On-campus housing will be restricted to students who have no alternative housing, and whose current housing does not provide what the university says is a “safe and appropriate environment” or does not provide sufficient accommodations to meet requirements of the Americans with Disabilities Act.

Athletes participating in on campus training will be allowed to live on campus.

The university is also placing additional restrictions on international students, which would radically cut down on the thousands of foreign students who typically attend the university.

With its academic year beginning just a week from now, UC Berkeley will also begin with “fully remote instruction.” Like UCLA, it may offer in-person classes later in the fall, but these will be “restricted to a limited number of people, as dictated by factors including local public health guidance and our own building density guidelines.”
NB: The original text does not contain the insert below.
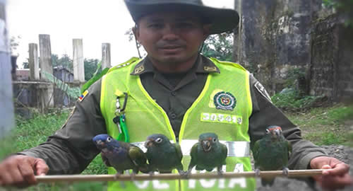 En el marco de la campaña "Vive esta Semana Santa en Armonía con la Naturaleza" nuestras unidades personal del grupo de protección ambiental y ecológica de la Policía Nacional, en el barrio zona minera del municipio de Quibdó, gracias a la información de ciudadano pudo evitar la muerte de cuatro especies de aves Lora Cheja "cotorra cabeciazul" nombre científico (pionus menstruus), las cuales tienen un valor ecológico estimado de $ 4`826.178.Las aves se encontraban en un árbol luego de ser derribado por una retroexcavadora iban a ser lanzadas al río al parecer por el conductor del vehículo. Sin embargo, el oportuno aviso de la comunidad y la intervención del grupo ambiental permitió la conservación y preservación de estas especies fáunicas. Las unidades de la Policía Nacional realizaron la respectiva incautación preventiva de estas especies, dejándolas posteriormente a disposición de Codechocó.Con la ayuda de la comunidad seguiremos encaminados en la defensa de nuestra flora y fauna de nuestro país.

As for on campus housing, the university continued to update and refine its plans, outlined in a 67-question FAQ on its website. Students living in residential halls will be assigned to social bubbles, called “Berkeley Bubbles.” They will be expected to limit their in-person interaction to the 9 to 10 students in the bubble. The purpose is to allow students to “socialize and have a smaller family-like experience.” But before then, students would have to “self-sequester” for seven to 10 days.
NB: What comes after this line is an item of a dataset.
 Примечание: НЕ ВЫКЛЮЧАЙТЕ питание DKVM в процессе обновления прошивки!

UC Santa Barbara also issued more information about its reopening plans, advising students that they should talk with their families “to determine whether or not it is best to come to campus or remain at home.”

When students arrive on campus — at staggered intervals — they will also be required to sequester for seven or more days. That will mean “minimizing all in-person interactions among students, faculty and staff, on and off-campus.” Students would be allowed to leave their dorms “only to participate in essential activities (e.g., to eat, to purchase necessities, participate in low-risk outdoor recreational activities, or obtain health care services).”
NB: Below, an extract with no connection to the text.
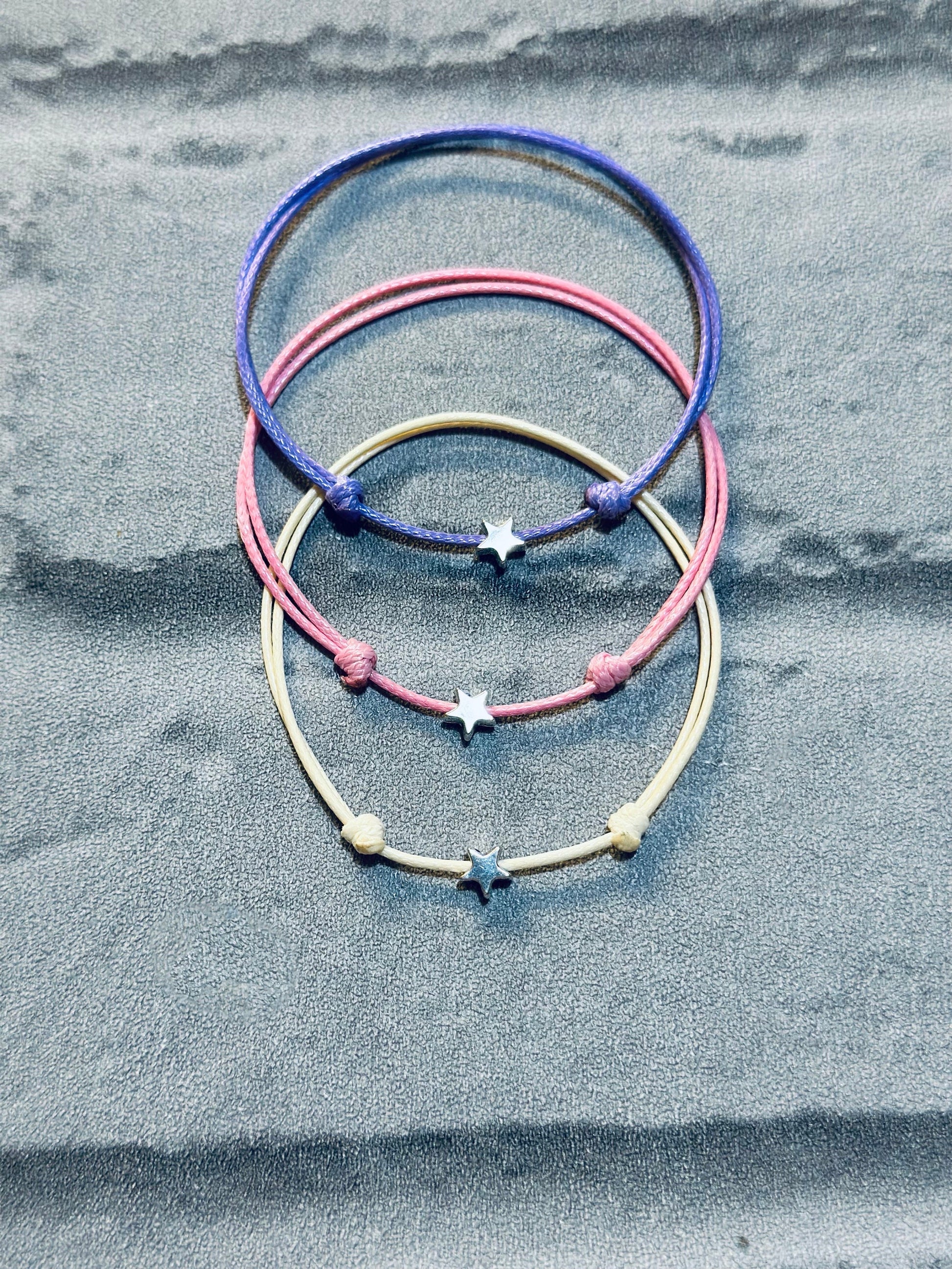 Adjustable Waxed Cord Bracelet Set: Silver Star Charm Friendship Anklet

At the same time, administrators warned that the situation remains “very fluid” and “accordingly, our plans continue to evolve and are subject to change.”

Also on Friday, UC Davis announced what it calls a “unique multidisciplinary approach” to screening for Covid-19 on campus this fall.

The plan is to create its own system to screen all staff and students on a “consistent ongoing basis,” and to get results in much less than the seven to 10 days it normally takes at federally certified labs, as well as to set in place a robust contact tracing system. The plan involves getting saliva samples, beginning with students in residence halls, but then expanding it not only to the entire campus, but to the Davis community as well.

Pending getting federal certification, the university intends to use an approach developed by the agricultural genetics industry, in which UC Davis has been a leader for decades.

“It has much the same biochemistry as other tests but does not depend on proprietary reagents that are in limited supply, and uses an innovative low-volume, high-throughput format borrowed from the agricultural genetics industry,” said Richard Michelmore, director of the UC Davis Genome Center, where the screening will be carried out.

To that end, the center has ordered a machine ­— called the IntelliQube — that is able to process thousands of samples a day and should arrive in a couple of weeks.

At the same time it is figuring out how to fend off the virus, the campus is also having to respond to the fires in surrounding areas. Fires roared into the Quail Ridge Reserve, a university field research station a 45-minute drive west of the campus, and destroyed the director’s house, as well as tent cabins and a university pickup truck. Other facilities on the reserve were untouched, however. Other university reserves may also be threatened, but all university personnel are believed to be safe.

The School of Veterinary Medicine’s Veterinary Response Team has also been mobilized to help treat animals injured by the fire, including a horse that was burned in the fire and has been brought to the campus.

“We are now confronted by another crisis in 2020: wildfires tearing through the countryside and encroaching on cities and towns and suburbs” wrote UC Davis Chancellor Gary May in an online message. “And we Aggies are stepping up again, as we always do.”